1. Wyzwanie: Głos Wielkiego Miasta
Inwestorzy, para dynamicznych przedsiębiorców, zakochali się w idei otwartej przestrzeni – jednego, płynnego wnętrza łączącego salon, kuchnię i jadalnię. Ich obawa była jednak konkretna: czy w takim wnętrzu da się znaleźć spokój? Obawiali się niekontrolowanego echa, hałasów z kuchni dominujących nad wieczorną rozmową i braku wizualnej intymności, która pozwala na prawdziwy odpoczynek.
Pytanie klienta brzmiało: "Czy możecie stworzyć dla nas przestrzeń, która będzie imponująca dla gości, ale przede wszystkim będzie azylem dla nas dwojga?"
2. Nasze Rozwiązanie: Architektura, Która Słucha
Zamiast traktować open-space jako jedną, wielką całość, podeszliśmy do niego jak do ekosystemu mniejszych, połączonych stref. Każda z nich otrzymała własną tożsamość, zdefiniowaną nie przez ściany, ale przez światło, dźwięk i materiał. To rdzeń naszej metody Projektowania Narracyjnego.
Strefowanie Akustyczne
To był nasz priorytet, kluczowy element naszej filozofii projektowania akustyki. W strefie wypoczynkowej zastosowaliśmy ukryte w suficie podwieszanym panele z wełny drzewnej, które "gaszą" pogłos. Ciężkie, gęste zasłony o gramaturze 480 g/m² nie tylko budują nastrój, ale działają jak profesjonalne absorbery akustyczne. Półwysep kuchenny został zaprojektowany jako bariera dźwiękowa, a dobór ultracichych sprzętów AGD był kluczową częścią projektu, a nie dodatkiem.

Światło Narracyjne
Zrezygnowaliśmy z centralnego oświetlenia na rzecz warstw, co jest podstawą naszego podejścia do oświetlenia. Każda strefa ma swoje dedykowane, ciepłe światło (2700K), które można niezależnie kontrolować. Wieczorem, gdy zapalone jest tylko oświetlenie nad stołem i przy sofie, reszta apartamentu tonalnie znika, tworząc niezwykle intymne "wyspy" w dużej przestrzeni. To daje poczucie bezpieczeństwa i spokoju.

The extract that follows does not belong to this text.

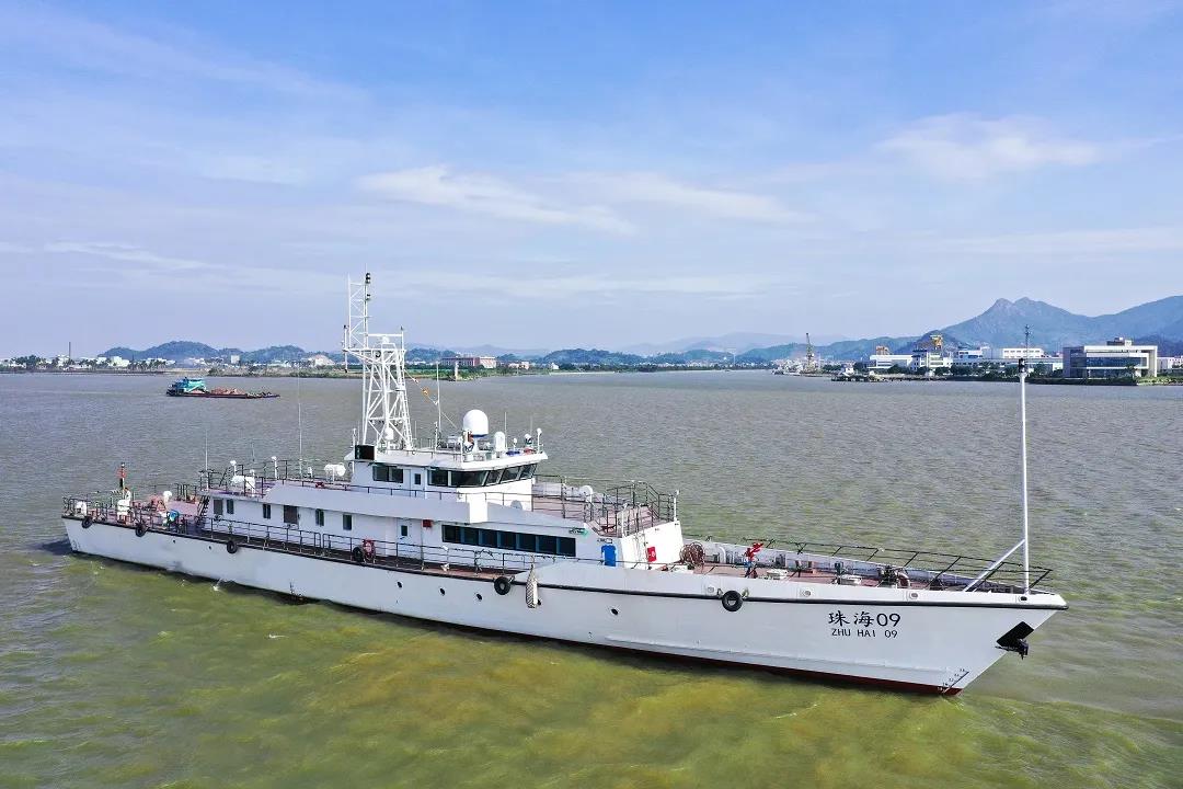 “珠海09”是珠海市交通运输局的陆岛海域交通应急和海洋执法船,该船由广州船舶及海洋工程设计研究院设计,CCS检验,总长55米,型宽7.6米,采用钢铝结构、三机三桨驱动、设计航速28节,试航实测最大航速29.5节,自重350吨,可抗8级大风,是目前珠海市最大吨位的交通应急执法船,未来将主要承担珠海市管辖海域巡逻执勤、治安维护、指挥、应急处置等任务。

3. Rezultat: Azyl, Nie Scenografia
Finalny efekt przekroczył oczekiwania. Czas pogłosu w strefie dziennej został zredukowany o ponad 60%, co sprawia, że rozmowy są komfortowe, a muzyka brzmi czysto. Wnętrze jest otwarte, ale nie przytłaczające. Każda strefa ma swój charakter, a całość jest spójna wizualnie i funkcjonalnie.
Najważniejszy sukces, jak określili to sami Inwestorzy: "Wracamy do domu i czujemy, jak spada z nas napięcie. Ta przestrzeń nas reguluje. To jest prawdziwy luksus."